▼
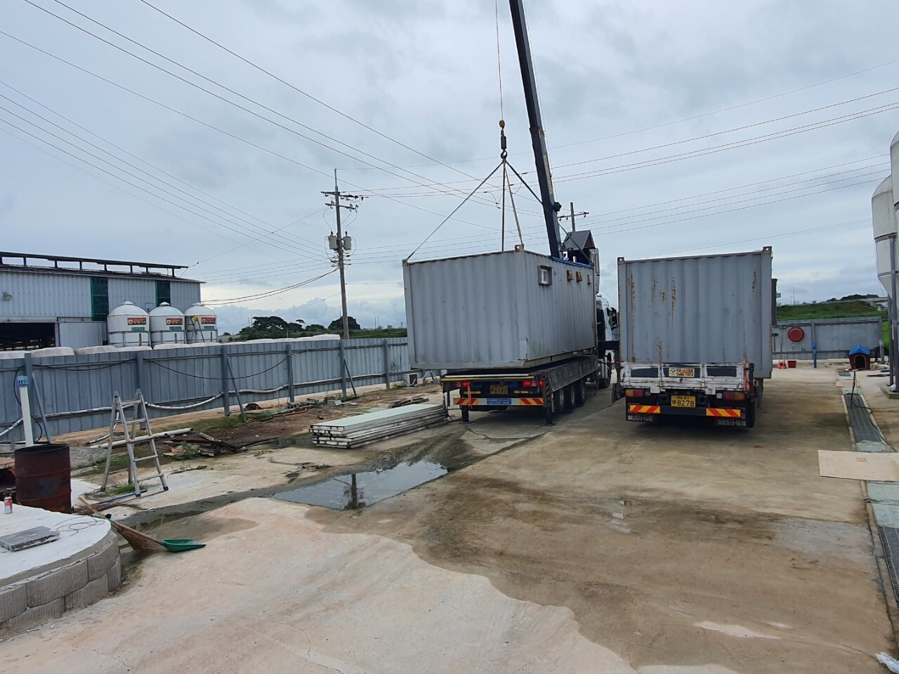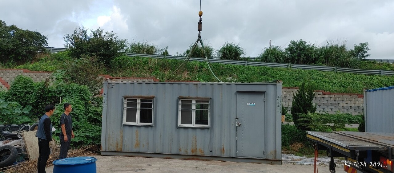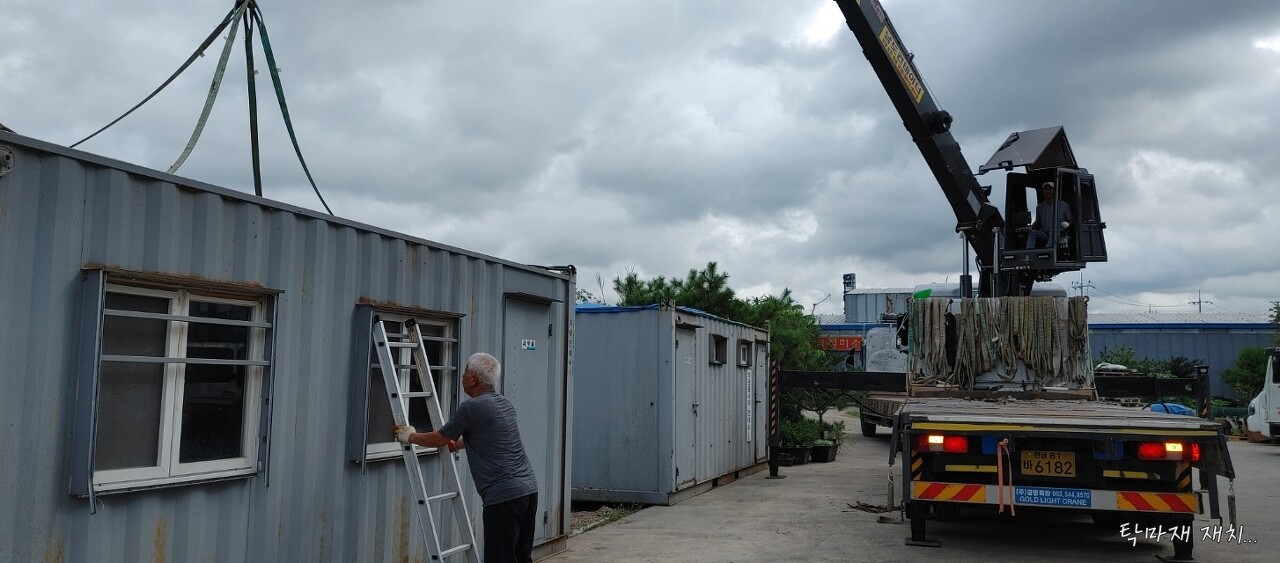 전남 무안군 몽탄면에 있는 농업회사법인 쾌청 육계농장의 기존 축사의 보수 및 축사 신축 그리고 관리사 공사가 거의 마무리 단계입니다... 마지막은 계근대 설치인데... 우선 계근대 설치할 곳에 있던 컨테이너 2동을 철거해서 나주 남평 사무실로 이동 배치했습니다...
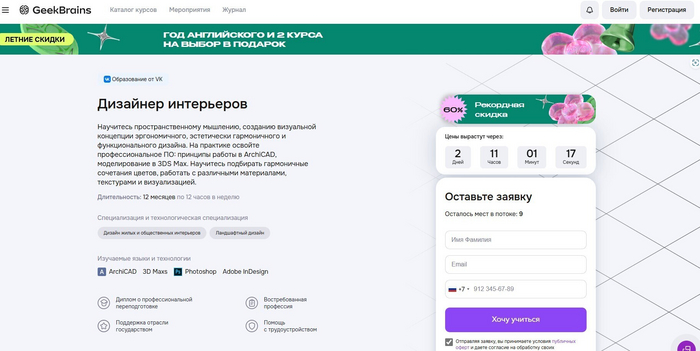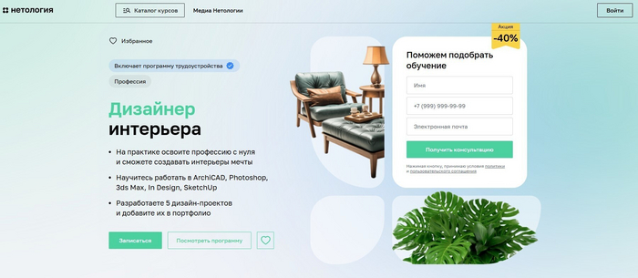 Нетология — одна из ведущих онлайн-школ в России, предлагающая курсы по различным цифровым профессиям. Их профессиональные курсы по дизайну интерьера помогают освоить все ключевые навыки, необходимые для работы в этой области.
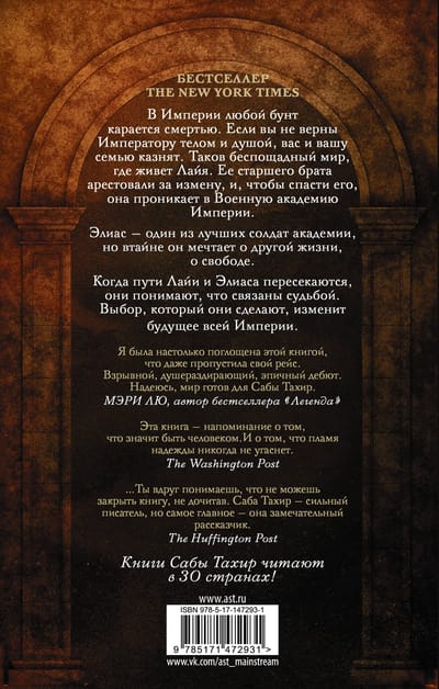 В Империи любой бунт карается смертью. Если вы не верны Императору телом и душой, вас и вашу семью казнят. Таков беспощадный мир, где живет Лайя. Ее старшего брата арестовали за измену и, чтобы спасти его, она проникает в Военную академию Империи. Элиас — один из лучших солдат академии, но втайне он мечтает о другой жизни, о свободе. Когда пути Лайи и Элиаса пересекаются, они понимают, что связаны судьбой. Выбор, который они сделают, изменит будущее всей Империи.
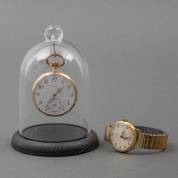 14kt gouden herenvestzakhorloge met mechanisch uurwerk, witgeëmailleerde wijzerplaat en geguillocheerd achterdeksel, brutogewicht 67,0 gram, Ø 4,7 cm, onder stolp, daarbij: onedel polshorloge Buren, aan rekband, Ø 3,2 cm
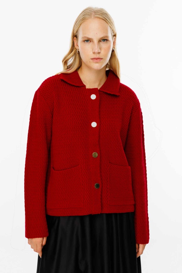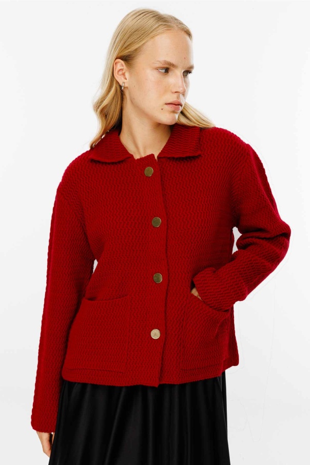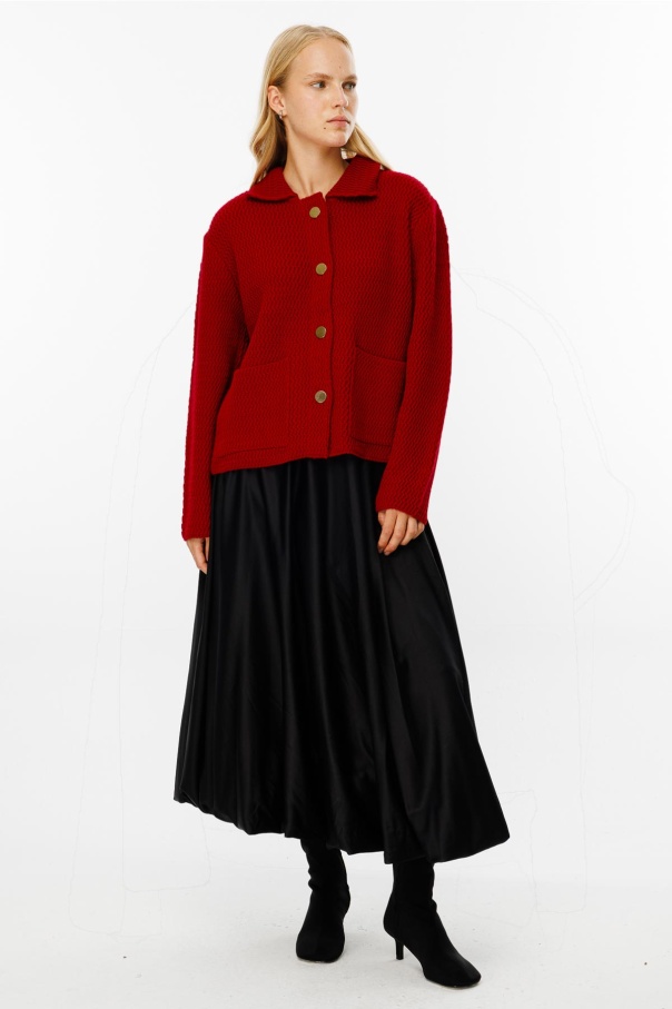 Gömlek Yaka Düğmeli Kırmızı Hırka
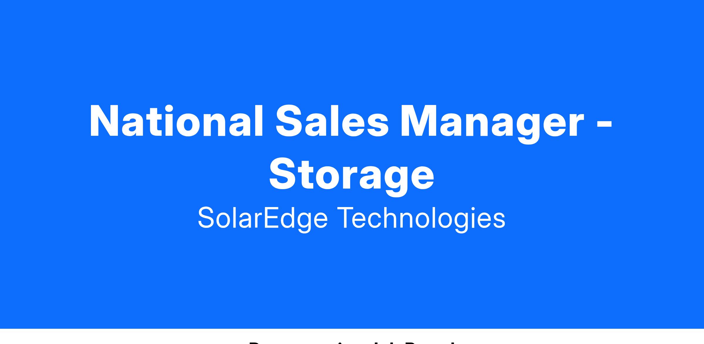 As the North America, National Sales Manager for the Energy Storage Division, you will be pivotal in driving the growth and success of SolarEdge's BESS energy storage products and services across the North American market. If you are a self starter and results-oriented professional passionate about renewable energy and energy storage, we invite you to join SolarEdge and be a key player in shaping the future of sustainable energy solutions in North America.
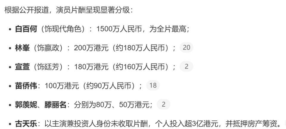 尽管如此,白姐依旧是片酬最高,甚至高过了主演。
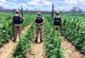 A Polícia Militar destruiu, neste domingo (5), 100 mil pés de maconha na Zona Rural de Camalaú, no Cariri da
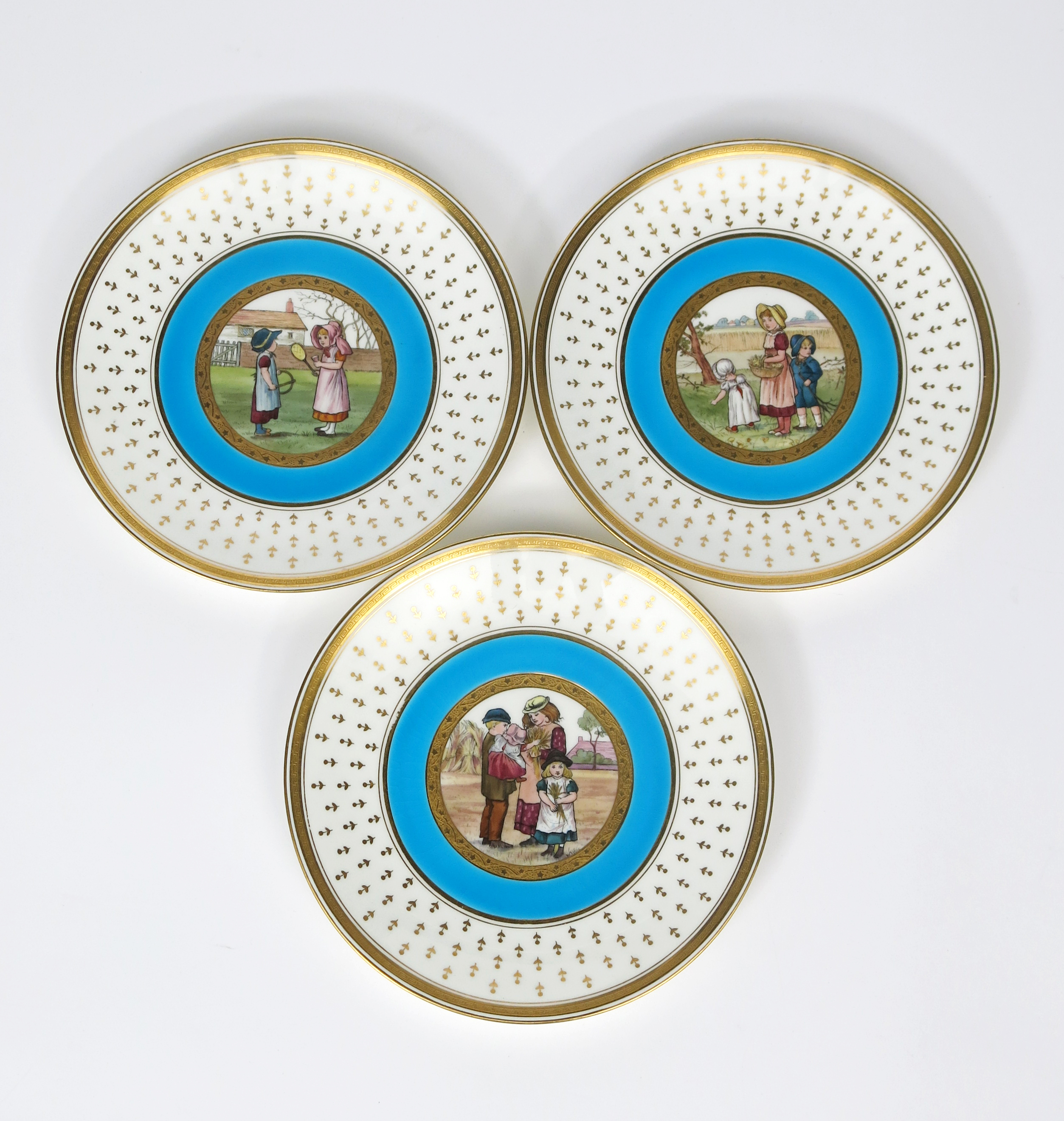 Three Minton's porcelain plates by William Wise, printed and painted to the well with Victorian children playing, picking flowers and harvesting corn, in colours, inside turquoise blue border and gilt bands to rim, impressed marks, one plate signed W Wise, 24cm. diam, (3)
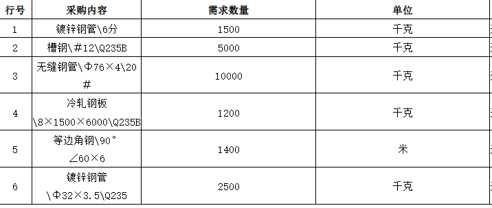 | 项目描述 | 辽宁沈阳钢结构工程急需钢材一批,包含镀锌钢管,槽钢,冷轧钢板,等边角钢,具体规格及采购数量见清单,联系人:李工。 |
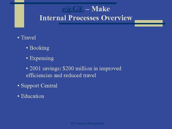 e@GE – Make Internal Processes Overview • Travel • Booking • Expensing • 2001 savings: $200 million in improved efficiencies and reduced travel • Support Central • Education GE Internal Presentation
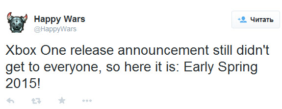 На официальной twitter-страничке игры Happy Wars, которая ранее вышла на РС и Xbox 360, была опубликована информация о том, что ее появление на Xbox One состоится в начале весны 2015.
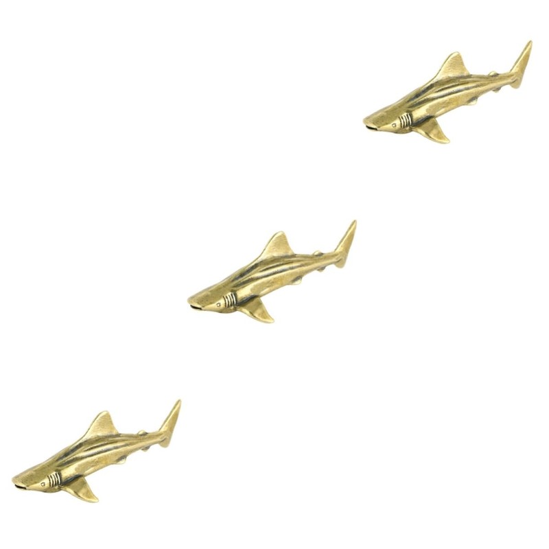 Ciieeo 3pcs Brass Craft Shark Decor Shark Shaped Desktop Decoration Wall Art for Home
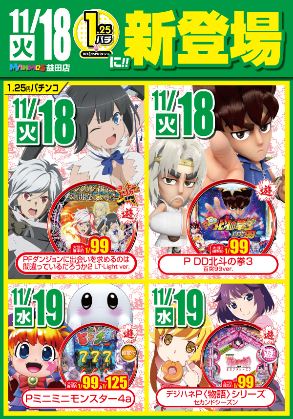 | 稼働台数 | パチンコ224台 / パチスロ213台 |
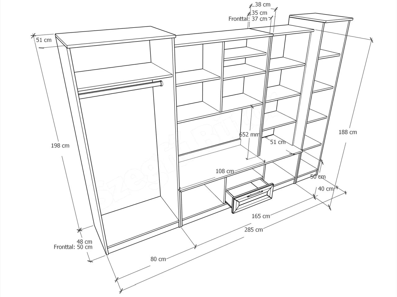 Szélesség: 285 cm
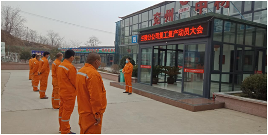 2020年221日下午一點(diǎn)半,蘭陵分公司院內(nèi),一掃往日的冷清,迎來(lái)久違的喧鬧。是日,蘭陵分公司召開(kāi)復(fù)工復(fù)產(chǎn)動(dòng)員大會(huì),為次日一早的復(fù)工復(fù)產(chǎn)吹響了的集結(jié)號(hào),也為全年的生產(chǎn)及安全工作起好局,開(kāi)好端。
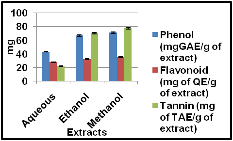 Fig. 1(a): Quantitative analysis (total phenol, flavonoid and tannin) data presented are the means of three replicates
▲
### [Aim of the exercise]
Every entry above has to be repeated exactly, apart from its pictures.

### [Task answer]
 전남 무안군 몽탄면에 있는 농업회사법인 쾌청 육계농장의 기존 축사의 보수 및 축사 신축 그리고 관리사 공사가 거의 마무리 단계입니다... 마지막은 계근대 설치인데... 우선 계근대 설치할 곳에 있던 컨테이너 2동을 철거해서 나주 남평 사무실로 이동 배치했습니다...
 Нетология — одна из ведущих онлайн-школ в России, предлагающая курсы по различным цифровым профессиям. Их профессиональные курсы по дизайну интерьера помогают освоить все ключевые навыки, необходимые для работы в этой области.
 В Империи любой бунт карается смертью. Если вы не верны Императору телом и душой, вас и вашу семью казнят. Таков беспощадный мир, где живет Лайя. Ее старшего брата арестовали за измену и, чтобы спасти его, она проникает в Военную академию Империи. Элиас — один из лучших солдат академии, но втайне он мечтает о другой жизни, о свободе. Когда пути Лайи и Элиаса пересекаются, они понимают, что связаны судьбой. Выбор, который они сделают, изменит будущее всей Империи.
 14kt gouden herenvestzakhorloge met mechanisch uurwerk, witgeëmailleerde wijzerplaat en geguillocheerd achterdeksel, brutogewicht 67,0 gram, Ø 4,7 cm, onder stolp, daarbij: onedel polshorloge Buren, aan rekband, Ø 3,2 cm
 Gömlek Yaka Düğmeli Kırmızı Hırka
 As the North America, National Sales Manager for the Energy Storage Division, you will be pivotal in driving the growth and success of SolarEdge's BESS energy storage products and services across the North American market. If you are a self starter and results-oriented professional passionate about renewable energy and energy storage, we invite you to join SolarEdge and be a key player in shaping the future of sustainable energy solutions in North America.
 尽管如此,白姐依旧是片酬最高,甚至高过了主演。
 A Polícia Militar destruiu, neste domingo (5), 100 mil pés de maconha na Zona Rural de Camalaú, no Cariri da
 Three Minton's porcelain plates by William Wise, printed and painted to the well with Victorian children playing, picking flowers and harvesting corn, in colours, inside turquoise blue border and gilt bands to rim, impressed marks, one plate signed W Wise, 24cm. diam, (3)
 | 项目描述 | 辽宁沈阳钢结构工程急需钢材一批,包含镀锌钢管,槽钢,冷轧钢板,等边角钢,具体规格及采购数量见清单,联系人:李工。 |
 e@GE – Make Internal Processes Overview • Travel • Booking • Expensing • 2001 savings: $200 million in improved efficiencies and reduced travel • Support Central • Education GE Internal Presentation
 На официальной twitter-страничке игры Happy Wars, которая ранее вышла на РС и Xbox 360, была опубликована информация о том, что ее появление на Xbox One состоится в начале весны 2015.
 Ciieeo 3pcs Brass Craft Shark Decor Shark Shaped Desktop Decoration Wall Art for Home
 | 稼働台数 | パチンコ224台 / パチスロ213台 |
 Szélesség: 285 cm
 2020年221日下午一點(diǎn)半,蘭陵分公司院內(nèi),一掃往日的冷清,迎來(lái)久違的喧鬧。是日,蘭陵分公司召開(kāi)復(fù)工復(fù)產(chǎn)動(dòng)員大會(huì),為次日一早的復(fù)工復(fù)產(chǎn)吹響了的集結(jié)號(hào),也為全年的生產(chǎn)及安全工作起好局,開(kāi)好端。
 Fig. 1(a): Quantitative analysis (total phenol, flavonoid and tannin) data presented are the means of three replicates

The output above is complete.